* [Problem to work on]
Repeat the stretch of entries below from the line with "E' un inchiostro" through the line with "Premium Corned beef, sauerkraut, baby". Include both ends and add nothing.

* [Entries supplied]

>>>>

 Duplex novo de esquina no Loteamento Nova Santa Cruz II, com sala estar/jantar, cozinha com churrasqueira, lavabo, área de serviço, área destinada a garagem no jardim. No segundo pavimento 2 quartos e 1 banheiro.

<<<<
>>>>

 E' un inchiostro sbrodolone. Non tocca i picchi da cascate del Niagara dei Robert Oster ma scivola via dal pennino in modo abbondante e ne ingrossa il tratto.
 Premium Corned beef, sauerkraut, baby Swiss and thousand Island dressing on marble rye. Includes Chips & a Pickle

<<<<

* [Solved problem]
 E' un inchiostro sbrodolone. Non tocca i picchi da cascate del Niagara dei Robert Oster ma scivola via dal pennino in modo abbondante e ne ingrossa il tratto.
 Premium Corned beef, sauerkraut, baby Swiss and thousand Island dressing on marble rye. Includes Chips & a Pickle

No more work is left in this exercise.